With our hands and our hearts freed from armour, the space we create for new possibility is limitless.

-by Shaina List

References

  1. Angus Reid Institute. “Isolation, Loneliness, and COVID-19: Pandemic Leads to Sharp Increase in Mental Health Challenges, Social Woes.” AngusReid.org, October 14, 2020. https://angusreid.org/isolation-and-loneliness-covid19/.

  2. Alcon Canada. “Canadians Spend 11 Hours per Day on Screens, Alcon Survey Shows.” NewsWire.ca. CNW Group, September 10, 2019. https://www.newswire.ca/news-releases/canadians-spend-11-hours-per-day-on-screens-alcon-survey-shows-811357674.html

  3. Ma-Kellams, Christine, and Jennifer Lerner. “Trust Your Gut or Think Carefully? Examining Whether an Intuitive, versus a Systematic, Mode of Thought Produces Greater Empathic Accuracy.” SSRN Electronic Journal, 2016. https://doi.org/10.2139/ssrn.2782596.
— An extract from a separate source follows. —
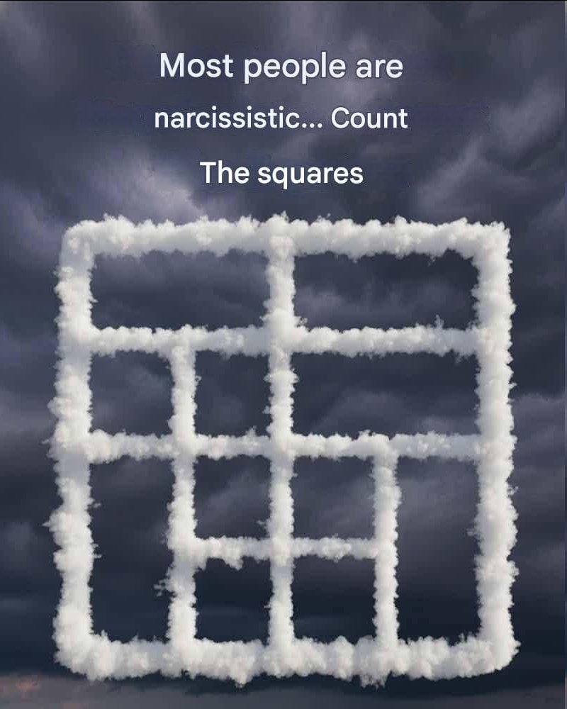 A small visual puzzle is circulating on the internet: it shows only a cloud silhouette filled with a square grid. It often appears accompanied by a striking statement: “Most people are narcissistic,” followed by the challenge: “Count the squares.”

  4. Proudfoot, Shannon. “One in Four Canadians Hate Their Political Opponents - Macleans.ca.” Macleans.ca, January 11, 2019. https://www.macleans.ca/politics/one-in-four-canadians-hate-their-political-opponents/.

  5. Government of Canada. “Opioid- and Stimulant-Related Harms in Canada.” Canada.ca, June 2021. https://health-infobase.canada.ca/substance-related-harms/opioids-stimulants/.

  6. Canadian Mental Health Association. “Fast Facts about Mental Health and Mental Illness.” CMHA National, July 19, 2021. https://cmha.ca/brochure/fast-facts-about-mental-illness/#_edn4.

  7. Smith, Cooper. “Addiction in Canada.” AddictionCenter.com. Recovery Worldwide, 2018. https://www.addictioncenter.com/addiction/addiction-in-canada/.

  8. Becker, Ernest. The Denial of Death. London: Souvenir Press, , Cop, 2018.

  9. Parkin, Andrew. “Political Polarization in Canada and the U.S.” Environics Institute for Survey Research, February 2020.

  10. Lawrence, D.H. “Self-Protection.” In Collected Poems. New York: Jonathan Cape And Harrison Smith, 1929.